Book Review: Mohawk voyageurs journeyed to Egypt
Carl Benn’s study of Mohawk voyageurs in Egypt is fascinating. The Sudan, which was part of Egypt, faced an Islamic revolution that sought to expel Egyptian and British authorities. British General Charles Gordon sent to evacuate Khartom, the Sudanese capital, failed to follow orders which necessitated a military rescue in 1884-5. British forces reached Khartom but not before it and Gordon fell to the revolutionaries. It is in this grand adventure that 60 Mohawks decided to join.
Benn’s argues that the Mohawks, as well as others who answered the call, did so based on culture and personality. For Benn, the Mohawk boatmen served based on traditional imperatives, such as those drawn from the warrior ethic where men ventured beyond their communities for long periods in search of adventure and status. Overlying this ethic was the Mohawk linkage to the Queen via the covenant chain.

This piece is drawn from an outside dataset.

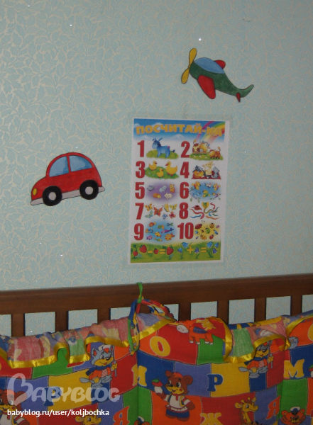 Макс любит машинки и самолётики.Давно у меня была идея сделать ему над кроваткой наклейки из техники.Нарисовала,сверху скотчем оклеила и на картонку приклеила.На стене на двустороннем скотче держится.Ниже фото.

British representatives directly appealed to the Mohawks lending support to the Iroquois conception of loyal allies and affirming ancient linkages with the monarchy. Benn also shows how the Mohawk voyageurs were complicit in British Imperialism abroad, mimicked Imperial notions of the other, and expressed kinship of feeling with British officers as well as overall support of British colonial efforts in Egypt. An extensive appendix, which includes two Mohawk accounts of their adventures, is a wonderful companion to Benn’s text. With the exception of these two accounts, the reader will not find a “native voice”, but the book does an excellent job of engaging the reader in an Imperial adventure in which the Mohawks played a significant role for their own reasons.
Benn, Carl. Mohawks on the Nile: Natives Among the Canadian Voyageurs in Egypt, 1884-1885. Toronto: Dundurn Press, 2009.